We would also like to point out that even a suboptimal classification accuracy, constrained by what is achievable in a clinical neurorehabilitation setting, may already lead to a significant patient benefit: This work is based on the hypothesis that a given VR-based rehabilitative motor task is therapeutically most effective when it is triggered during a specific brain state, which can be estimated through EEG. If a spontaneously occurring target brain state (e.g., synchronicity between the left and right motor cortex) is matched by chance (without using the EEG signal to control the VR task) only rarely (say, 10% of the trials), achieving an accurate match even 50% of the time would achieve a fivefold increase in correctly matched training events. Clinical trials are needed to determine how such an approach translates to clinical outcome.

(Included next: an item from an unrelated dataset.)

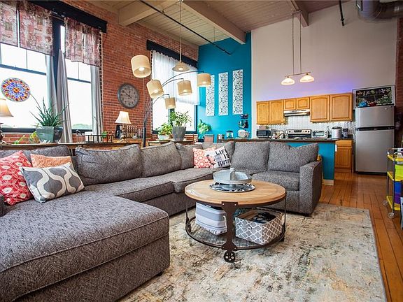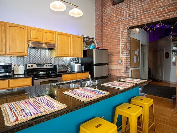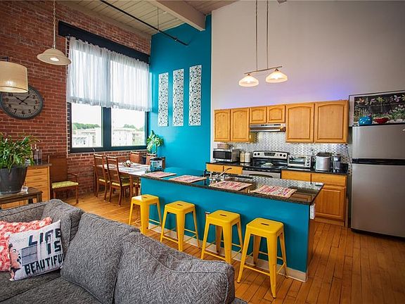 Welcome home to Gateway Commons! One of Woonsocket's most beautiful and tastefully done mill conversion residential properties.This spacious 2 bedroom, 2 full bathroom top floor, corner unit boasts lovely City views. This amazing space has airy 15' wood beam ceilings, exposed brick walls, gleaming hardwood floors, large windows throughout that allow an abundance of natural light, gas heat, central air and laundry in the unit. Gateway Commons is a great place for commuters, it is close to the Franklin and Attleboro train stations and minutes from routes 146, 295 and 95. There is ample unassigned parking for residents and guests. This unit also has a huge, secure storage space in the basement, a dog park for your best friend, and a gym that all residents can utilize. Property allows pets. Monthly condo fee includes water, sewer, trash removal, interior and exterior building and grounds maintenance, snow removal, use of dog park and gym. Building security features keyless entry and camera monitoring. Why rent when you can own for less?

In conclusion, we hope that this study will enable experimenters, clinicians, and therapists to quickly prepare VR-based therapy that is linked to ongoing fluctuating brain states; and to venture into a scenario where the patient’s brain creates the virtual environment that in turn supports brain network reorganization in a true “closed-loop” fashion. This allows for applications beyond mirror therapy, such as visually experiencing the illusion of successful movements triggered by imagination and intention, controlling the type and timing of VR-based therapy tasks, and presenting stimuli at the moments most conducive to executing a successful movement, as determined by the individual’s own brain state.